• Exercise:
Each entry below must be given again word for word, with no pictures.

[Dataset entries]
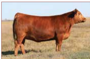
Seneca Daughter out of RED MCRAE'S REBA 49W

This frozen pkg of goodness is truly "The best of both world's " right now in this amazingly strong cattle market we are all enjoying!! With the remarkable Red Angus cow Reba 49W and the unreal female making simmie bull in Cobra.
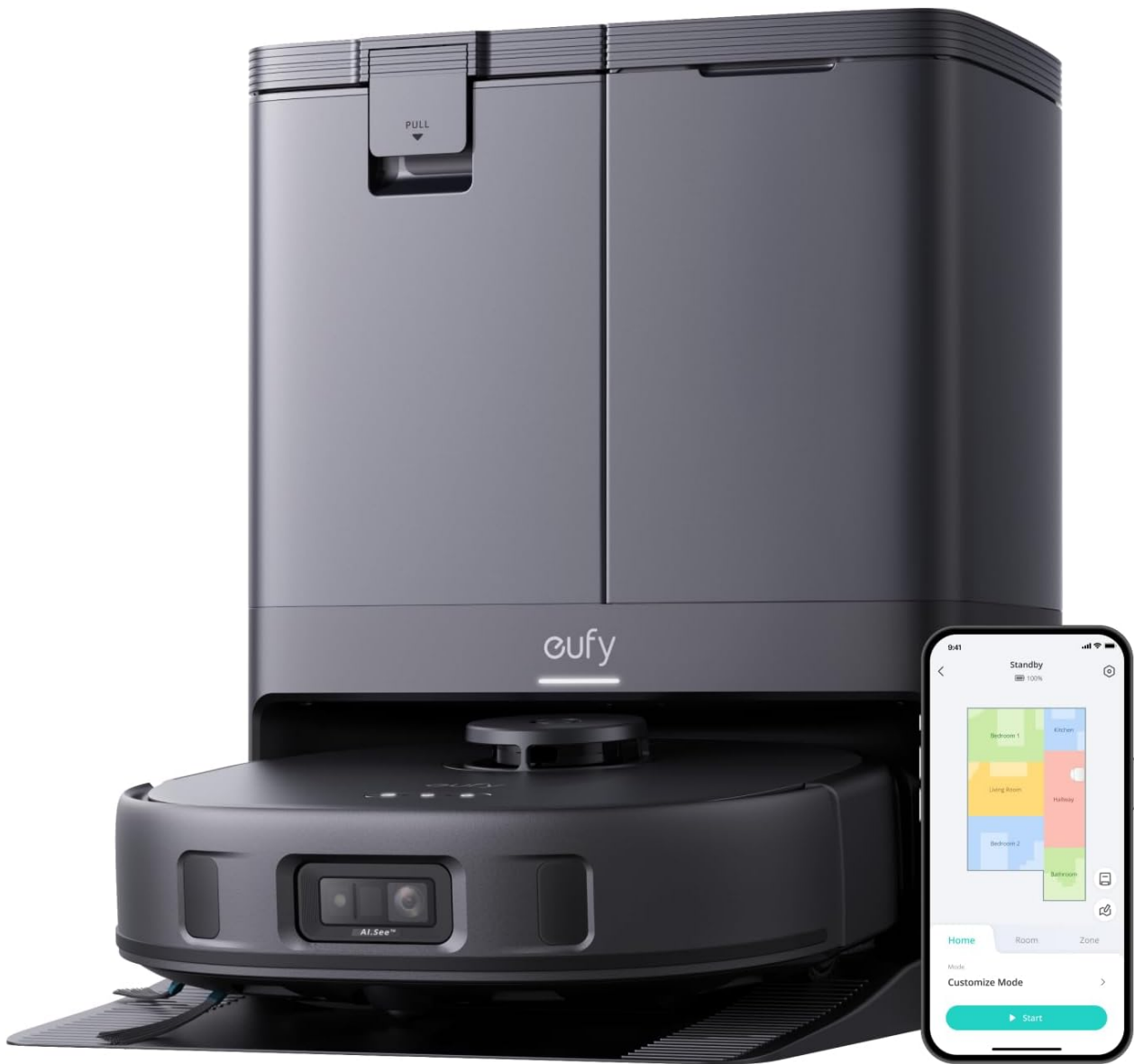
Figure 1: eufy X10 Pro Omni Robot Vacuum and Mop Combo with its Omni Station and a smartphone displaying the app interface.
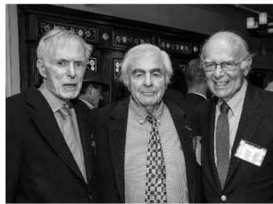
Daniel Schwartz, Everett Raymond Kinstler, Morton Kaish
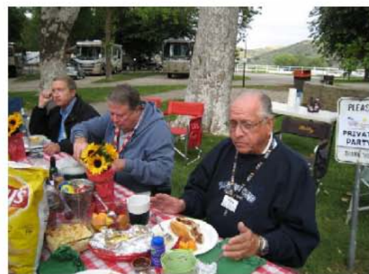
Dig in, it's really delicious!
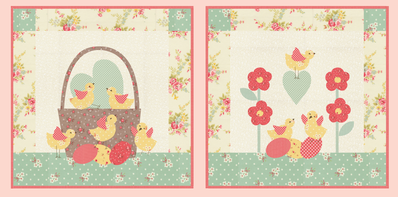
BHD 2212 Here a Chick, There a Chick - 2 mini quilt patterns 16" x 16"
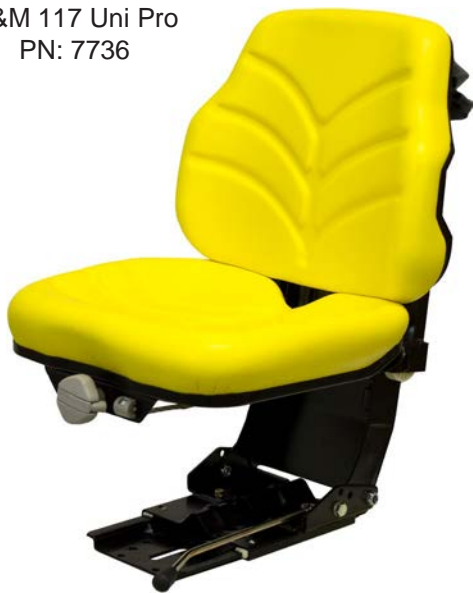
K&M 117 Uni Pro PN: 7736
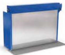
■ Roll gates (vertical/vertical- horizontal motion)
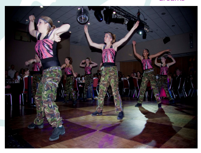
YSDD dance group at Dance Against Hunger ball

"Tread softly because you tread on my dreams"
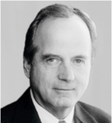
PETER V. UEBERROTH
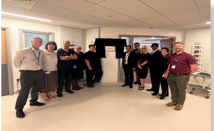
Official Opening of the ECU

"The staff who work on this unit are passionate about providing the best level of care for patients at Wrightington and they should be proud of what has been achieved here."
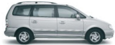
Warm Silver (Metallic)
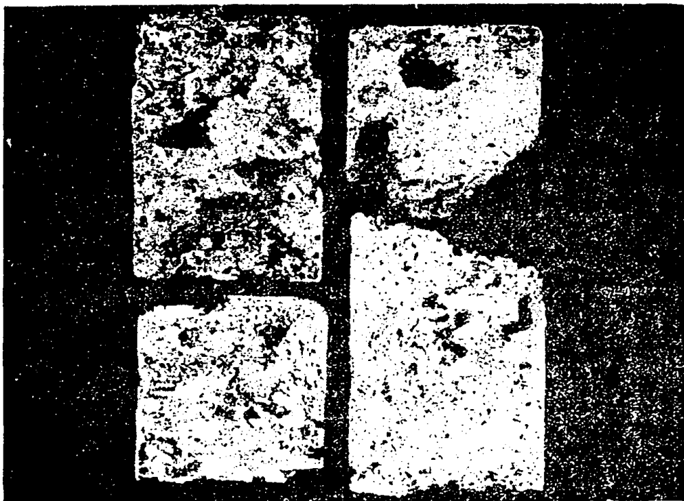
Fig. 1. Condition of the panels of Experiment II after 337 days; A : treated with 'chandrus' and lime in karanjel oil, B : treated with 'chandrus', lime and copper sulphate in karanjel oil; C : untreated control.

monly used by the fishermen. Experiments were therefore, conducted to study the effectiveness of this method against settlement of marine organisms and results obtained from treated wooden panels have been presented in this paper.
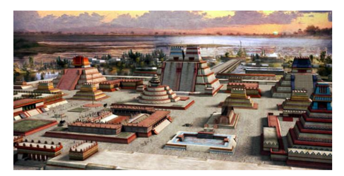
This is an artist's drawing of the capital city, Tenochtitlan. Credit: https://mexicanroutes.com/tenochtitlan/

The capital city, Tenochtitlan, was the center of trade. People came to the capital to trade crops, pottery, and clothing. They also traded luxury items, like tropical bird feathers and cotton. They traded goods with other Aztecs and with people in other empires, like the Mayas. Because of trade, the Aztecs built a strong economy.
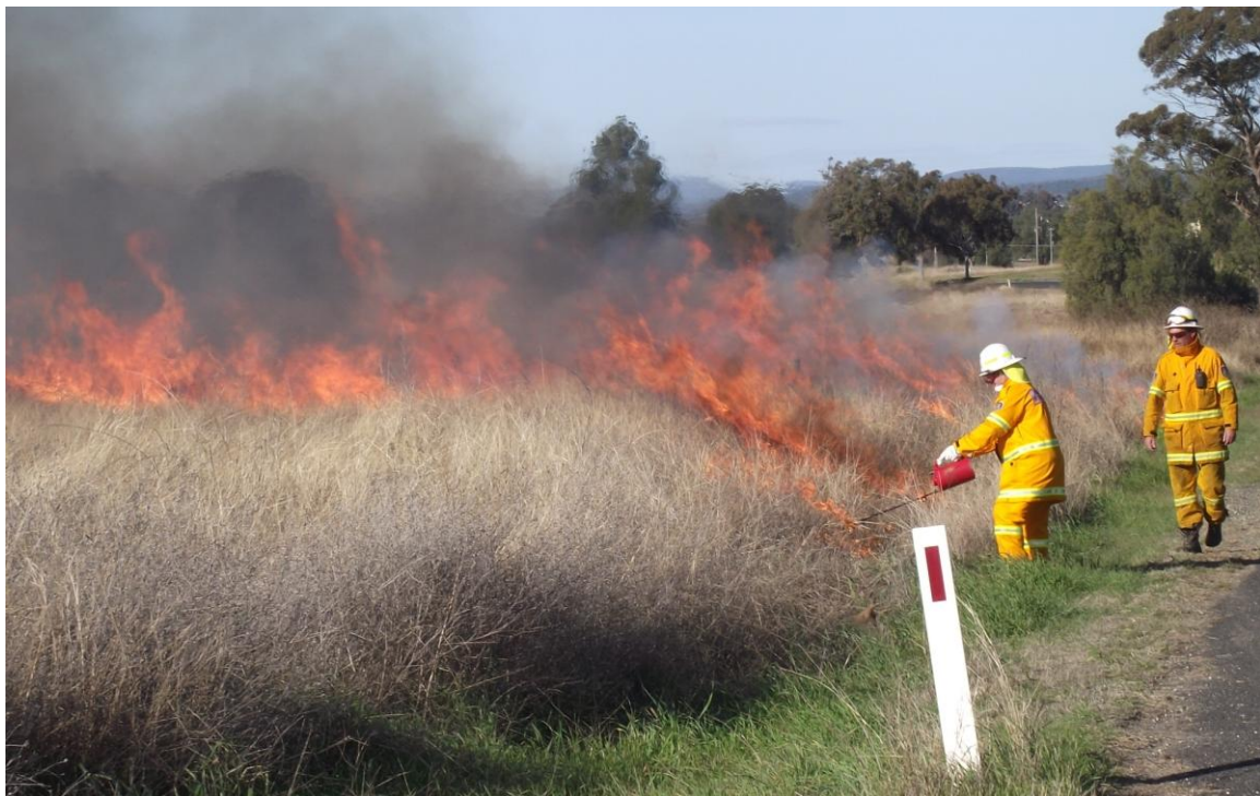
Getting rid of a heap of fuel at London Road
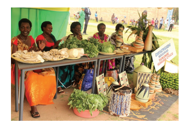
Rural women farmers exhibiting their agricultural products during IWD celebrations
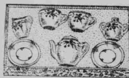
CHINA TEA SETS

Consisting of sauce pan, kettle, frying pan and pudding pan. In neat box, set at $9.50
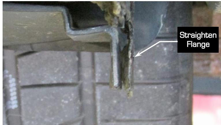
Figure 2 - Straighten Fender Flange
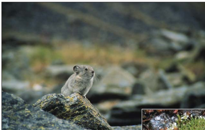
Not at their peak. Warming may threaten alpine creatures such as the pika (above) and plants such as Arenaria tetraquetra (right).

over the next century—moderate as estimates go—will wipe out 80% of alpine islands and extinguish a third to a half of 613 known alpine plants. Co-author Alan Mark, a botanist at the University of Otago in Dunedin, New Zealand, says that even if temperatures stop rising now, 40 to 70 species will be at risk in coming decades, as ecological shifts catch up with already-milder conditions. “There is no question of if—just when,” he says.
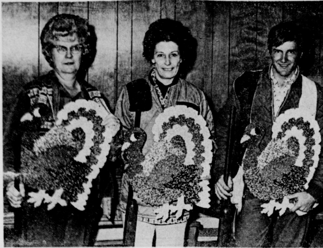
Among winners at the Big Six Gun club pre-Thanksgiving Turkey Shoot, Sunday, were Mrs.
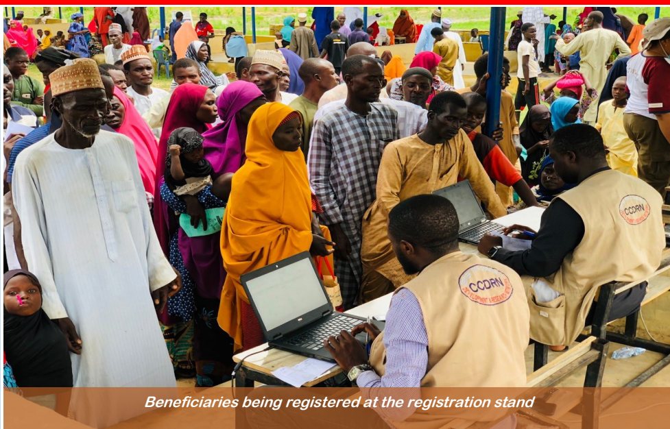
Beneficiaries being registered at the registration stand

In continued efforts to bring about succor and relief to communities affected by conflicts by helping them build resilience, the Centre for Community Development and Research Network (CCDRN) has successfully finished the scoping of beneficiaries who will benefit from the Resilience and Social Cohesion (Peace) in Northeast Nigeria project funded by the German Government BMZ.
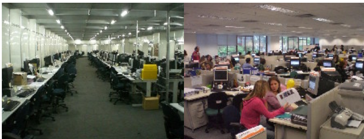
CORIO Offices located at Barra de Tijuca in Brazilian Olympic Committee building

* (These are not necessarily the responsible of the mentioned areas but they were the contact for table tennis)
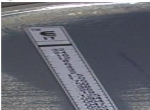
Fig 4: Itracon MIC = 0.064 sense
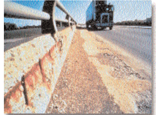
Figure 1: Permeable concrete is a principal reason for concrete deterioration due to reinforcing steel corrosion and other deterioration mechanisms.

A common way to measure permeability of concrete is standard test method ASTM C1202 "Electrical Indication of Concrete's Ability to Resist Chloride Ion Penetration," also known as the rapid chloride permeability test. This method is the most accepted test to determine the relative permeability of concrete. A 60 V electrical potential is established across a sawed four inch diameter concrete cylinder section. The total current passing through the section over time and
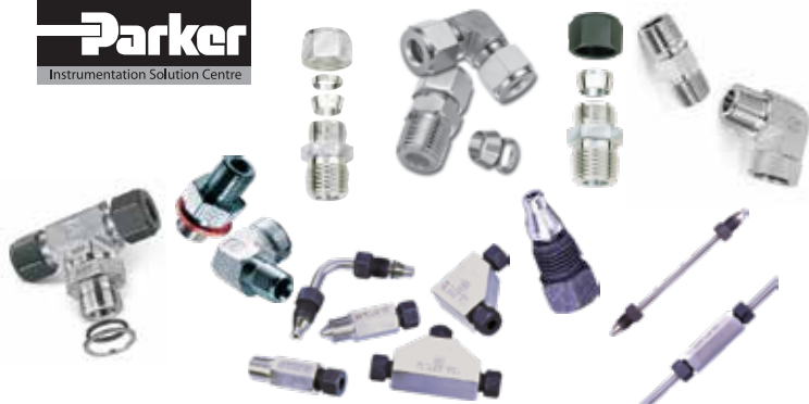
A-LOK, CPI, MPI & Pipe Fittings
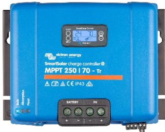
SmartSolar Charge Controller MPPT 250/70-Tr with optional pluggable display
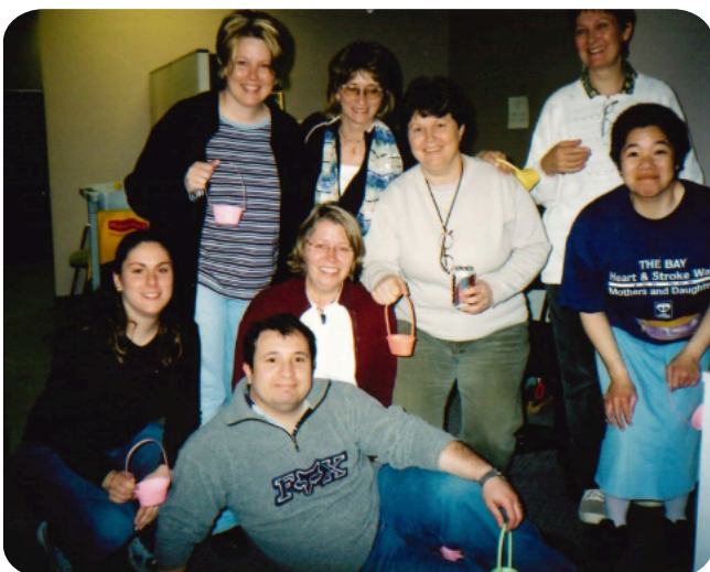
Office Days at SCS
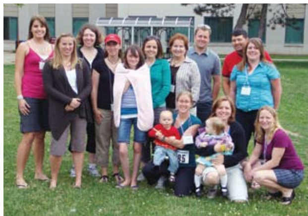
■ The School of Rehabilitation Science welcomed back the classes of '94, '99 and '04 for reunion events in June.
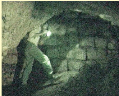
Tunnel entrance, through which the Ark was taken, is now walled up
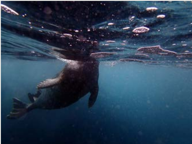
Below: Kerry's photo of an inquisitive seal with weeds balanced on its nose was commended in the BSAC Great British Diving photo competition.
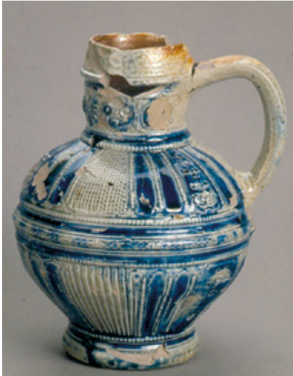
17 th -century stoneware
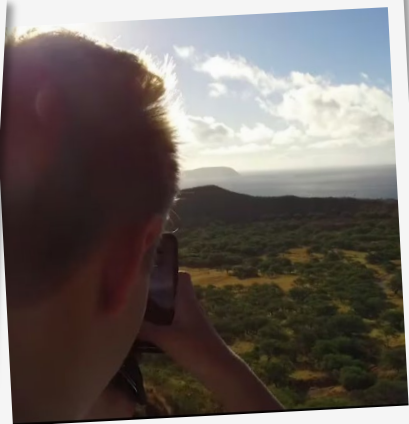
Expand your horizons
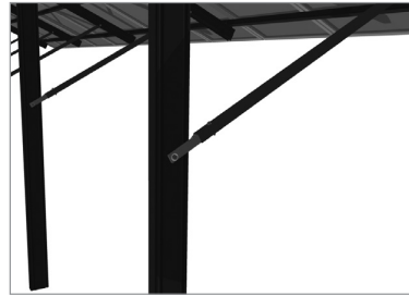
Linking of the diagonal to the C-post
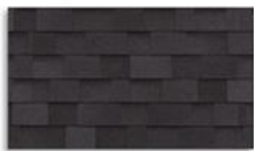
Shingles: Dual Black
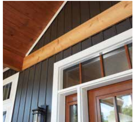
Board & Batten vertical siding accentuates gables and other areas.
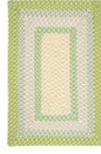
MG69 Lime Twist
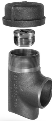
■ 3-WAY™ Tee See Bulletin 2100.002

■ Note: Consult your TDW representative for additional fitting options.
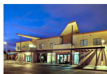
Glendale Enterprise Lofts, Glendale Developer: Arizona Bridge to Independent Living/Gorman & Company
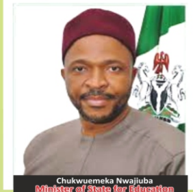
Chukwuemeka Nwajuba Minister of State for Education
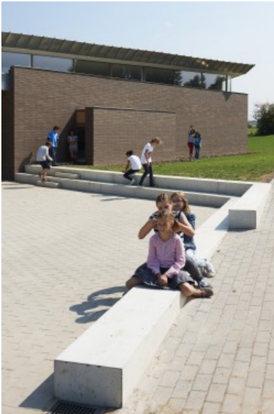
Â© Alain Janssens
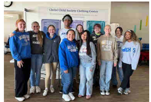
Marian High School students prepared art kits for the National CCS United in Service project.
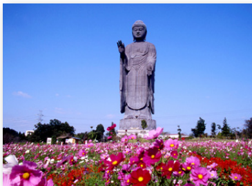
Ushiku Daibutsu (Tallest Buddha)
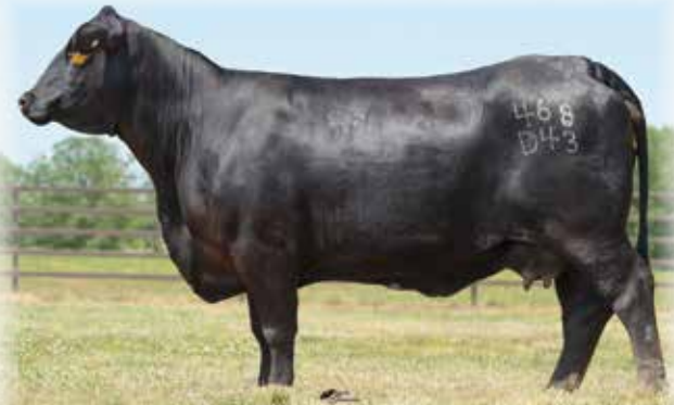
Lot 27 - MS SALACOA LEGACY 468D42

468D43 blends a top 15% Milk with a top 15% REA. She has generated over $57,000 in revenue.

• Answer section:
Seneca Daughter out of RED MCRAE'S REBA 49W

This frozen pkg of goodness is truly "The best of both world's " right now in this amazingly strong cattle market we are all enjoying!! With the remarkable Red Angus cow Reba 49W and the unreal female making simmie bull in Cobra.
Figure 1: eufy X10 Pro Omni Robot Vacuum and Mop Combo with its Omni Station and a smartphone displaying the app interface.
Daniel Schwartz, Everett Raymond Kinstler, Morton Kaish
Dig in, it's really delicious!
BHD 2212 Here a Chick, There a Chick - 2 mini quilt patterns 16" x 16"
K&M 117 Uni Pro PN: 7736
■ Roll gates (vertical/vertical- horizontal motion)
YSDD dance group at Dance Against Hunger ball

"Tread softly because you tread on my dreams"
PETER V. UEBERROTH
Official Opening of the ECU

"The staff who work on this unit are passionate about providing the best level of care for patients at Wrightington and they should be proud of what has been achieved here."
Warm Silver (Metallic)
Fig. 1. Condition of the panels of Experiment II after 337 days; A : treated with 'chandrus' and lime in karanjel oil, B : treated with 'chandrus', lime and copper sulphate in karanjel oil; C : untreated control.

monly used by the fishermen. Experiments were therefore, conducted to study the effectiveness of this method against settlement of marine organisms and results obtained from treated wooden panels have been presented in this paper.
This is an artist's drawing of the capital city, Tenochtitlan. Credit: https://mexicanroutes.com/tenochtitlan/

The capital city, Tenochtitlan, was the center of trade. People came to the capital to trade crops, pottery, and clothing. They also traded luxury items, like tropical bird feathers and cotton. They traded goods with other Aztecs and with people in other empires, like the Mayas. Because of trade, the Aztecs built a strong economy.
Getting rid of a heap of fuel at London Road
Rural women farmers exhibiting their agricultural products during IWD celebrations
CHINA TEA SETS

Consisting of sauce pan, kettle, frying pan and pudding pan. In neat box, set at $9.50
Figure 2 - Straighten Fender Flange
Not at their peak. Warming may threaten alpine creatures such as the pika (above) and plants such as Arenaria tetraquetra (right).

over the next century—moderate as estimates go—will wipe out 80% of alpine islands and extinguish a third to a half of 613 known alpine plants. Co-author Alan Mark, a botanist at the University of Otago in Dunedin, New Zealand, says that even if temperatures stop rising now, 40 to 70 species will be at risk in coming decades, as ecological shifts catch up with already-milder conditions. “There is no question of if—just when,” he says.
Among winners at the Big Six Gun club pre-Thanksgiving Turkey Shoot, Sunday, were Mrs.
Beneficiaries being registered at the registration stand

In continued efforts to bring about succor and relief to communities affected by conflicts by helping them build resilience, the Centre for Community Development and Research Network (CCDRN) has successfully finished the scoping of beneficiaries who will benefit from the Resilience and Social Cohesion (Peace) in Northeast Nigeria project funded by the German Government BMZ.
CORIO Offices located at Barra de Tijuca in Brazilian Olympic Committee building

* (These are not necessarily the responsible of the mentioned areas but they were the contact for table tennis)
Fig 4: Itracon MIC = 0.064 sense
Figure 1: Permeable concrete is a principal reason for concrete deterioration due to reinforcing steel corrosion and other deterioration mechanisms.

A common way to measure permeability of concrete is standard test method ASTM C1202 "Electrical Indication of Concrete's Ability to Resist Chloride Ion Penetration," also known as the rapid chloride permeability test. This method is the most accepted test to determine the relative permeability of concrete. A 60 V electrical potential is established across a sawed four inch diameter concrete cylinder section. The total current passing through the section over time and
A-LOK, CPI, MPI & Pipe Fittings
SmartSolar Charge Controller MPPT 250/70-Tr with optional pluggable display
Office Days at SCS
■ The School of Rehabilitation Science welcomed back the classes of '94, '99 and '04 for reunion events in June.
Tunnel entrance, through which the Ark was taken, is now walled up
Below: Kerry's photo of an inquisitive seal with weeds balanced on its nose was commended in the BSAC Great British Diving photo competition.
17 th -century stoneware
Expand your horizons
Linking of the diagonal to the C-post
Shingles: Dual Black
Board & Batten vertical siding accentuates gables and other areas.
MG69 Lime Twist
■ 3-WAY™ Tee See Bulletin 2100.002

■ Note: Consult your TDW representative for additional fitting options.
Glendale Enterprise Lofts, Glendale Developer: Arizona Bridge to Independent Living/Gorman & Company
Chukwuemeka Nwajuba Minister of State for Education
Â© Alain Janssens
Marian High School students prepared art kits for the National CCS United in Service project.
Ushiku Daibutsu (Tallest Buddha)
Lot 27 - MS SALACOA LEGACY 468D42

468D43 blends a top 15% Milk with a top 15% REA. She has generated over $57,000 in revenue.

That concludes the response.